**Task prompt**
Every entry below has to appear again in your reply, word for word, but no picture may.

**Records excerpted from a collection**
= Beginning of Section =
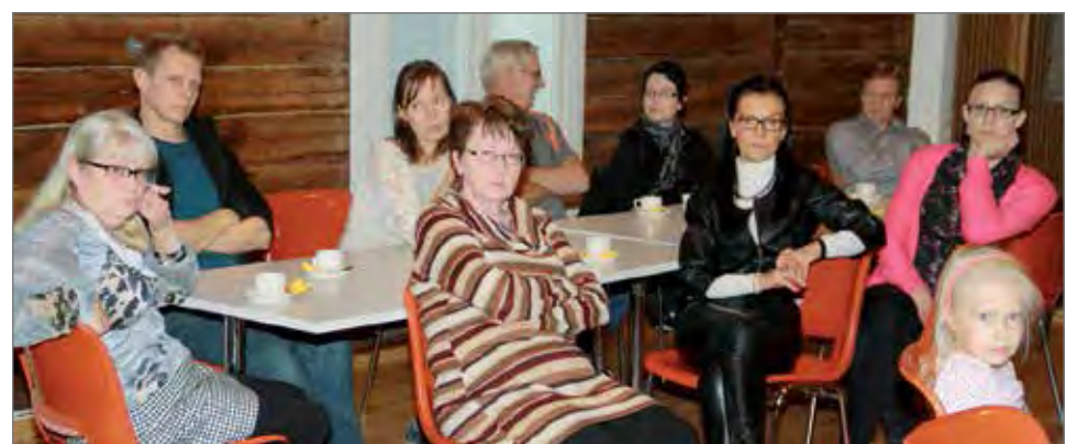
Loppupalaverissa todettiin tapahtuma onnistuneeksi ja KurenTanssi päätettiin järjestää ensi vuonnakin.

entisiä, kuin uusiakin tanssijoita. Mitä useampi pari on osallistujina, sitä enemmän tapahtuu tanssiparketilla, totesi Koivula. HT
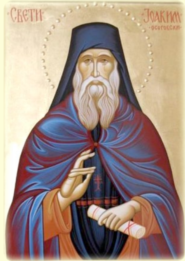
Ὁ Ὅσιος Ἰωακείμ, ὁ ἐν τῷ ὄρει Ὀσσογόκοβ (Βουλγαρία)
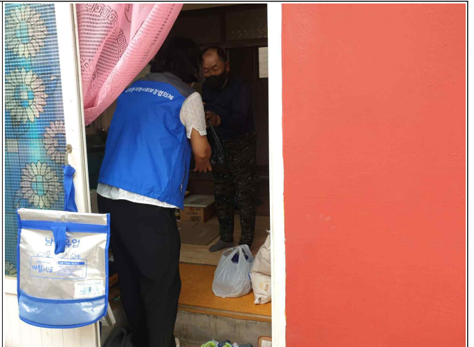
( 전달사진 )
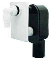
FIGURA DESCRIPCIÓN CÓDIGO MEDIDA BOLSA PRECIO EUROS
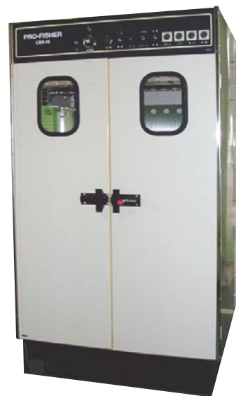
CBD-15/CBD-15ステン スチームボックス タイマー式 (1100×1000×1960mm)

独自のバイブレーション機能を追加し、優れた仕上がりを約束します。さまざまなオプション装置で利用範囲を広げることが可能です。
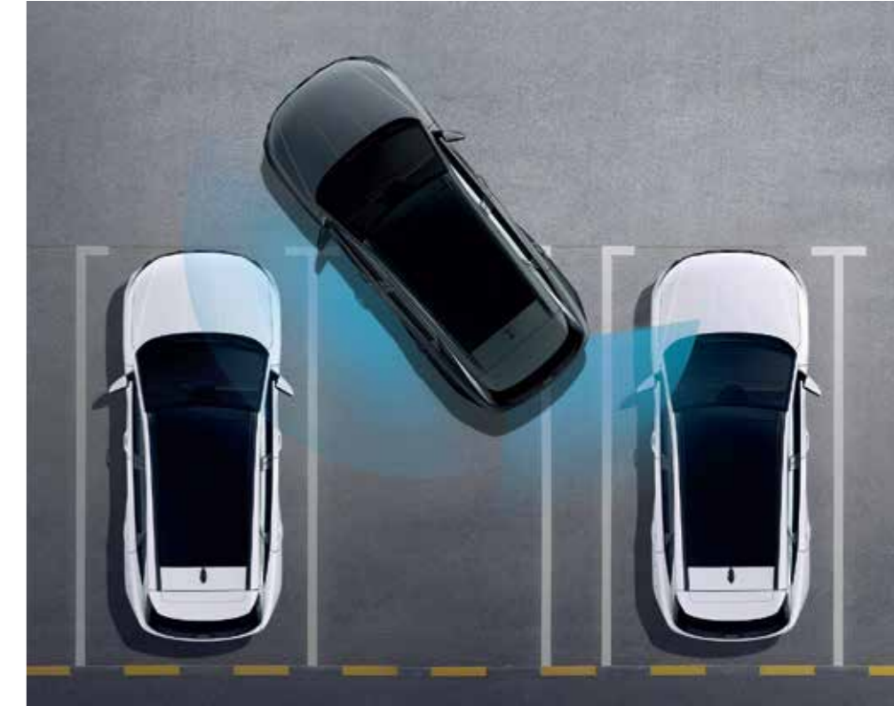
Forward/Side/Reverse Parking Distance Warning (PDW) Forward/Side/Reverse Parking Distance Warning (PDW) warns against collisions with objects around the vehicle at low speeds.
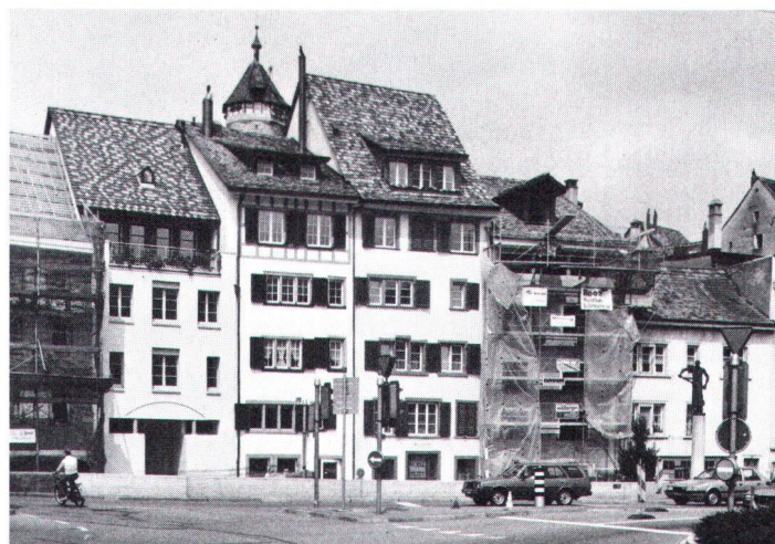
Kontinuierliche Pflege schont Haus, Geldbeutel und Ortsbild (im Bild Schaffhauser Altstadt)

Zum Beispiel: Ehemals bescheidene Scheunentore sollten nicht zu objektverzerrenden Prestigeportalen aufgepöppelt werden, nur weil die
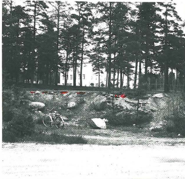
ETUALALLA TEMPELIKATU. LÖYTÖJÄ KUOPAN REUNOILTA. TAUSTALLA KOULU. KUVA KOILLISEEN.
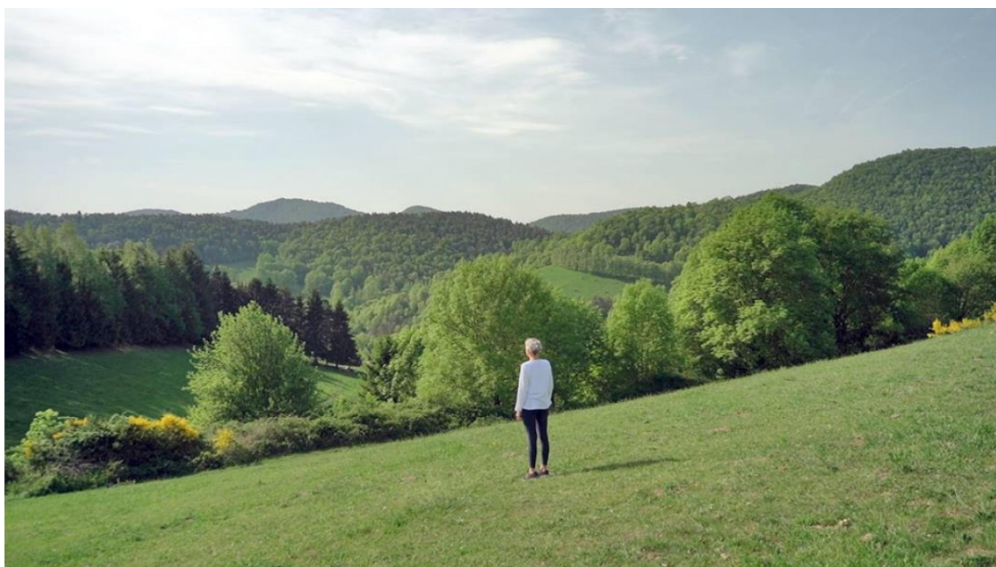
Imatge promocional de la nova proposta turística Vorater

Des del Consell Comarcal han impulsat una nova proposta turística que busca potenciar el benestar del visitant
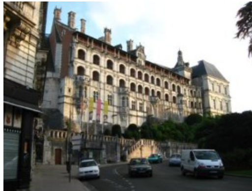
Blois, la fachada posterior del castillo

Aunque era domingo y sabíamos que la ciudad estaría casi “muerta”, su castillo y sus calles medievales eran un atractivo más que suficiente para terminar la jornada dando un paseo por Blois. Y así lo hicimos. Y es que muchas veces los domingos plantean serios problemas. Pincha aquí para saber un poco más de “cómo manejar” los domingos y días festivos para que no nos hagan mucho la pascua al planificar el itinerario.
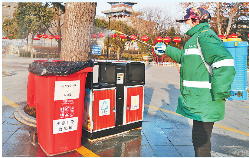
邢台市城管局环卫人员在历史文化公园对垃圾桶及其他部位进行消杀作业。

在邢台大街小巷及公共设施保洁消杀中,他们是主力;在市区出入口疫情排查一线上,他们和相关部门一起勇当担当;在城市供水、供热、供气、菜市场等监管一线,他们勇挑重担。 在抗击疫情的战斗中,为了市民生活平稳有序,邢台市城管系统广大干部职工不惧危险、迎难而上,迸发一股勇往直前的力量。
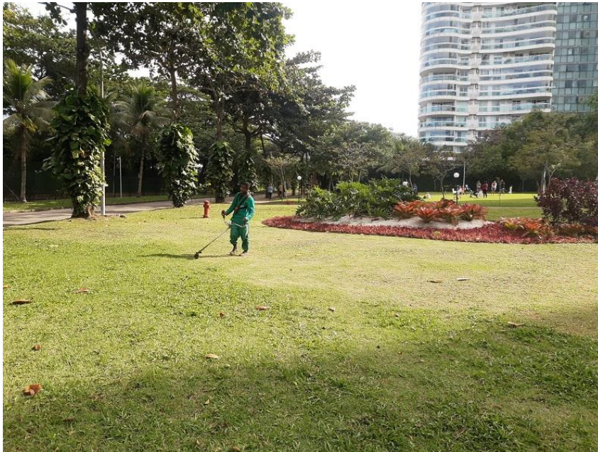
Operador de roçadeira realizando corte de grama.
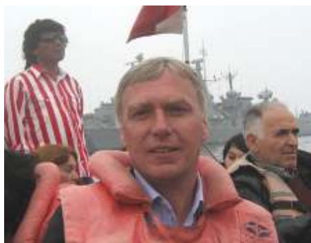
Der Obmann beim Versuch, nach den in der Karibik versenkten Milliarden eines (anderen) Großvereines ;-) zu tauchen ;-).

Schon oft herbei gesehnt, aber bis jetzt noch nicht erfüllt: Die AVG-Nachrichten in Farbe!
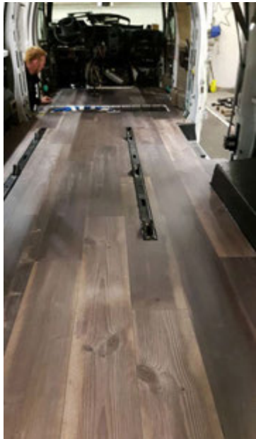
Gólfteppið var tekið úr og vínillparket sett í staðinn. Undir því er gólfhiti.

» Drifbúnaður undan Benz Unim hefur staðið fyrir sínu í gegnum árin
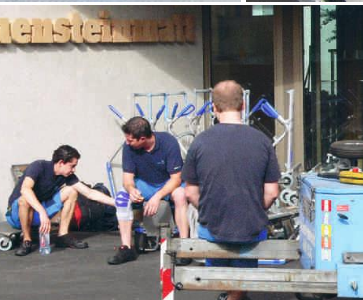
Eine verdiente Verschnaufpause.
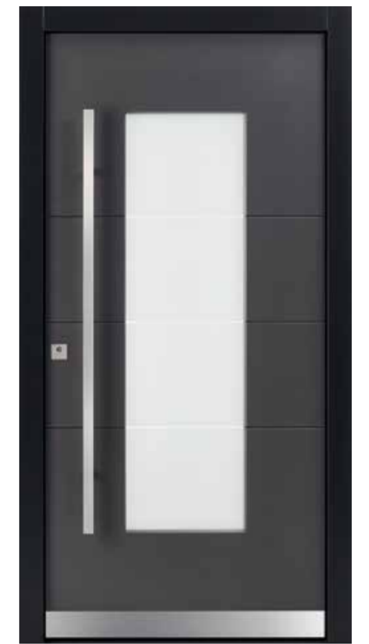
KlimaFitBasic 1010 Trend 903 Stock Trend 905 Glasdesign 1003G, Fläche matt, Streifen klar Stoßgriff 1440E 1400 mm Rosette 4200E Wetterschenkel 90 mm Edelstahl
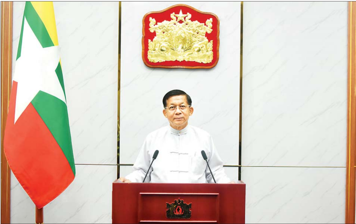
နိုင်ငံတော်စီမံအုပ်ချုပ်ရေးကောင်စီဥက္ကဋ္ဌ နိုင်ငံတော်ဝန်ကြီးချုပ် ဗိုလ်ချုပ်မှူးကြီး မင်းအောင်လှိုင် ပြည်သူ့လူထုသို့ မိန့်ခွန်းပြောကြားစဉ်။

ချစ်ခင်လေးစားအပ်တဲ့ တိုင်းရင်းသားမိဘပြည်သူများခင်ဗျာ မကြာခင် ရောက်ရှိလာတော့မယ့် သီတင်းကျွတ်အခါသမယမှာ အားလုံးပဲ စိတ်၏ချမ်းသာခြင်း၊ ကိုယ်၏ကျန်းမာခြင်းနဲ့ ပြည့်စုံပါစေကြောင်း နှုတ်ခွန်းဆက်သမေတ္တာပို့သအပ်ပါတယ်။ ကျွန်တော်တို့ မြန်မာတို့ရဲ့ယဉ်ကျေးမှုထုံးတမ်းစဉ်လာမှာတော့ နှစ်သစ်ကူးသင်္ကြန်အခါသမယနဲ့ သီတင်းကျွတ်ပွဲတို့ဟာ အထွတ်အမြတ်ထားတဲ့ ပွဲများဖြစ်ပါတယ်။ ကိုဗစ်ကာလမှာ အကျပ်အတည်းများ ရှိနေတဲ့အတွက် ကြောင့် ဒီပွဲအခမ်းအနားတွေကို မလုပ်ဆောင်နိုင်သော်လည်းဘဲ ကျွန်တော်တို့အနေနဲ့ ဒီအခမ်းအနားတွေကို အလေးအနက်ထားပါကြောင်း ပြောကြားလိုတယ်။ ၂၀၂၀ ပြည့်နှစ် နိုဝင်ဘာလ ၈ ရက်နေ့မှာ ပြုလုပ်ခဲ့တဲ့ ပါတီစုံအထွေထွေရွေးကောက်ပွဲနဲ့ ပတ်သက်ပြီး မဲမသမာမှုတွေ ကြီးမားစွာဖြစ်ပွားခဲ့တာ မိဘပြည်သူများသိရှိပြီးဖြစ်ပါတယ်။ ရွေးကောက်ပွဲမှာဖြစ်ပွားခဲ့တဲ့ ရက်ဖွယ်ရာကောင်းတဲ့ မရိုးသားမှုများဟာ တိုင်းပြည်အတွက် အရပ်ဆိုးအကျည်းတန်တဲ့ ဖြစ်စဉ်များဖြစ်ပါတယ်။ ဒါကိုကျွန်တော်တို့ သင်ခန်းစာယူပြီးတော့မှ နောင်မှာဒီလိုမဖြစ်အောင် ဆက်လက်လုပ်ဆောင်သွားရမှာ ဖြစ်ပါတယ်။ ဒီမဲမသမာမှုနဲ့ပတ်သက်ပြီး ဖြစ်ပေါ်လာတဲ့ ဖြစ်ရပ်တွေကို စိစစ်တဲ့အခါမှာ စာမျက်နှာ ၃ ကော်လံ ၁ □
= End of Section =
**Your solution**
Loppupalaverissa todettiin tapahtuma onnistuneeksi ja KurenTanssi päätettiin järjestää ensi vuonnakin.

entisiä, kuin uusiakin tanssijoita. Mitä useampi pari on osallistujina, sitä enemmän tapahtuu tanssiparketilla, totesi Koivula. HT
Ὁ Ὅσιος Ἰωακείμ, ὁ ἐν τῷ ὄρει Ὀσσογόκοβ (Βουλγαρία)
( 전달사진 )
FIGURA DESCRIPCIÓN CÓDIGO MEDIDA BOLSA PRECIO EUROS
CBD-15/CBD-15ステン スチームボックス タイマー式 (1100×1000×1960mm)

独自のバイブレーション機能を追加し、優れた仕上がりを約束します。さまざまなオプション装置で利用範囲を広げることが可能です。
Forward/Side/Reverse Parking Distance Warning (PDW) Forward/Side/Reverse Parking Distance Warning (PDW) warns against collisions with objects around the vehicle at low speeds.
Kontinuierliche Pflege schont Haus, Geldbeutel und Ortsbild (im Bild Schaffhauser Altstadt)

Zum Beispiel: Ehemals bescheidene Scheunentore sollten nicht zu objektverzerrenden Prestigeportalen aufgepöppelt werden, nur weil die
ETUALALLA TEMPELIKATU. LÖYTÖJÄ KUOPAN REUNOILTA. TAUSTALLA KOULU. KUVA KOILLISEEN.
Imatge promocional de la nova proposta turística Vorater

Des del Consell Comarcal han impulsat una nova proposta turística que busca potenciar el benestar del visitant
Blois, la fachada posterior del castillo

Aunque era domingo y sabíamos que la ciudad estaría casi “muerta”, su castillo y sus calles medievales eran un atractivo más que suficiente para terminar la jornada dando un paseo por Blois. Y así lo hicimos. Y es que muchas veces los domingos plantean serios problemas. Pincha aquí para saber un poco más de “cómo manejar” los domingos y días festivos para que no nos hagan mucho la pascua al planificar el itinerario.
邢台市城管局环卫人员在历史文化公园对垃圾桶及其他部位进行消杀作业。

在邢台大街小巷及公共设施保洁消杀中,他们是主力;在市区出入口疫情排查一线上,他们和相关部门一起勇当担当;在城市供水、供热、供气、菜市场等监管一线,他们勇挑重担。 在抗击疫情的战斗中,为了市民生活平稳有序,邢台市城管系统广大干部职工不惧危险、迎难而上,迸发一股勇往直前的力量。
Operador de roçadeira realizando corte de grama.
Der Obmann beim Versuch, nach den in der Karibik versenkten Milliarden eines (anderen) Großvereines ;-) zu tauchen ;-).

Schon oft herbei gesehnt, aber bis jetzt noch nicht erfüllt: Die AVG-Nachrichten in Farbe!
Gólfteppið var tekið úr og vínillparket sett í staðinn. Undir því er gólfhiti.

» Drifbúnaður undan Benz Unim hefur staðið fyrir sínu í gegnum árin
Eine verdiente Verschnaufpause.
KlimaFitBasic 1010 Trend 903 Stock Trend 905 Glasdesign 1003G, Fläche matt, Streifen klar Stoßgriff 1440E 1400 mm Rosette 4200E Wetterschenkel 90 mm Edelstahl
နိုင်ငံတော်စီမံအုပ်ချုပ်ရေးကောင်စီဥက္ကဋ္ဌ နိုင်ငံတော်ဝန်ကြီးချုပ် ဗိုလ်ချုပ်မှူးကြီး မင်းအောင်လှိုင် ပြည်သူ့လူထုသို့ မိန့်ခွန်းပြောကြားစဉ်။

ချစ်ခင်လေးစားအပ်တဲ့ တိုင်းရင်းသားမိဘပြည်သူများခင်ဗျာ မကြာခင် ရောက်ရှိလာတော့မယ့် သီတင်းကျွတ်အခါသမယမှာ အားလုံးပဲ စိတ်၏ချမ်းသာခြင်း၊ ကိုယ်၏ကျန်းမာခြင်းနဲ့ ပြည့်စုံပါစေကြောင်း နှုတ်ခွန်းဆက်သမေတ္တာပို့သအပ်ပါတယ်။ ကျွန်တော်တို့ မြန်မာတို့ရဲ့ယဉ်ကျေးမှုထုံးတမ်းစဉ်လာမှာတော့ နှစ်သစ်ကူးသင်္ကြန်အခါသမယနဲ့ သီတင်းကျွတ်ပွဲတို့ဟာ အထွတ်အမြတ်ထားတဲ့ ပွဲများဖြစ်ပါတယ်။ ကိုဗစ်ကာလမှာ အကျပ်အတည်းများ ရှိနေတဲ့အတွက် ကြောင့် ဒီပွဲအခမ်းအနားတွေကို မလုပ်ဆောင်နိုင်သော်လည်းဘဲ ကျွန်တော်တို့အနေနဲ့ ဒီအခမ်းအနားတွေကို အလေးအနက်ထားပါကြောင်း ပြောကြားလိုတယ်။ ၂၀၂၀ ပြည့်နှစ် နိုဝင်ဘာလ ၈ ရက်နေ့မှာ ပြုလုပ်ခဲ့တဲ့ ပါတီစုံအထွေထွေရွေးကောက်ပွဲနဲ့ ပတ်သက်ပြီး မဲမသမာမှုတွေ ကြီးမားစွာဖြစ်ပွားခဲ့တာ မိဘပြည်သူများသိရှိပြီးဖြစ်ပါတယ်။ ရွေးကောက်ပွဲမှာဖြစ်ပွားခဲ့တဲ့ ရက်ဖွယ်ရာကောင်းတဲ့ မရိုးသားမှုများဟာ တိုင်းပြည်အတွက် အရပ်ဆိုးအကျည်းတန်တဲ့ ဖြစ်စဉ်များဖြစ်ပါတယ်။ ဒါကိုကျွန်တော်တို့ သင်ခန်းစာယူပြီးတော့မှ နောင်မှာဒီလိုမဖြစ်အောင် ဆက်လက်လုပ်ဆောင်သွားရမှာ ဖြစ်ပါတယ်။ ဒီမဲမသမာမှုနဲ့ပတ်သက်ပြီး ဖြစ်ပေါ်လာတဲ့ ဖြစ်ရပ်တွေကို စိစစ်တဲ့အခါမှာ စာမျက်နှာ ၃ ကော်လံ ၁ □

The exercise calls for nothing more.